Пока нигде ничьего присутствия не угадывалось. Меня смущало то, что при съезде с бывшего барского двора, где до сих пор сохранились каменные конюшни и амбары с железными воротами и кованными перекладинами для запоров, а также неказистый двухэтажный дом барской, а затем совхозной конторы, дорогу метил чёрный щит с серебряными письменами, предупреждающий: «Гольцовское охотхозяйство. Без пропуска въезд воспрещён». Выходило, что уже дважды я игнорировал строгие предупреждения, а потому физически ощущалось, что рулю в западню. Но отступать было поздно, хотя себя малодушно вопрошал: «А не развернуться ли и, не оглядываясь, рвануть обратно — на трассу, да побыстрее в Тульму, в свой бревенчатый скит?..»
За рощей открылась большая старица, настоящее озеро, в ольховом окружении. На дальнем конце величественно возвышался, не менее, чем столетний дуб, ещё не сбросивший свою скрученную, коричневатую листву. Под ним на столбах возвели резной навес, имитирующий черепичную крышу, под которым был вкопан длинный стол с лавками, а по бокам на толстых пеньках лежали устрашающие головы драконов с разверзнутыми пастями, с острыми, торчащими, как стрелы, языками. Я остановился, заглядевшись, но, нет, не на драконьи пасти, а на многочисленное семейство уток — красавцев-селезней и скромненьких самок. Чем-то озабоченные, они беспокойно покрякивали и торопливо, зыбкими угольниками, резали нефритовую воду, устремляясь к середине старицы. Казалось, что по зеленоватому глянцу плывёт всамделишная эскадра.

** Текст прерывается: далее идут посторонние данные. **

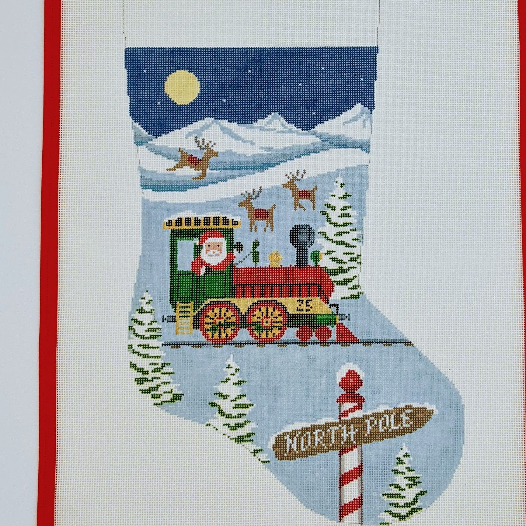 Bring the magic of the holidays to your home with the Santa's Train Engine Stocking needlepoint canvas! This enchanting design features Santa joyfully riding a train, perfect for capturing the excitement of Christmas. Crafted on a 13 mesh canvas and designed as a full-sized stocking, this piece is ideal for stitching a delightful decoration that will be cherished for years to come. Stitch this charming canvas and let it become a beloved part of your holiday traditions!

И вот в этот миг за ольховым молодняком взревел-зарычал мощный двигатель и оттуда, будто танк, выкатил, набирая скорость, мощный вездеход — «гранд-чероки». В нём, держась за поручни, стояли два обалдуя, длинный и квадратный, выряженные в тёмно-зелёные камзолы, точнее, в стёганные татарские архалуки, в чёрных косоворотках, с ружьями за спиной, в бейсболках, на высоком фронтоне которых серебрились всё те же навязчивые буквы — ОРД. Они едва сдерживали на поводках лающих по- сумасшедшему догов[5] — двух громадных псов чёрного и тигрово- палевого окраса, похожих на «собаку Баскервиллей». Насмерть перепуганные утки, панически крякая, взлетали с нефритовой глади старицы и уносились к Оке, но злобные доги ни разу и морды не повели в их сторону.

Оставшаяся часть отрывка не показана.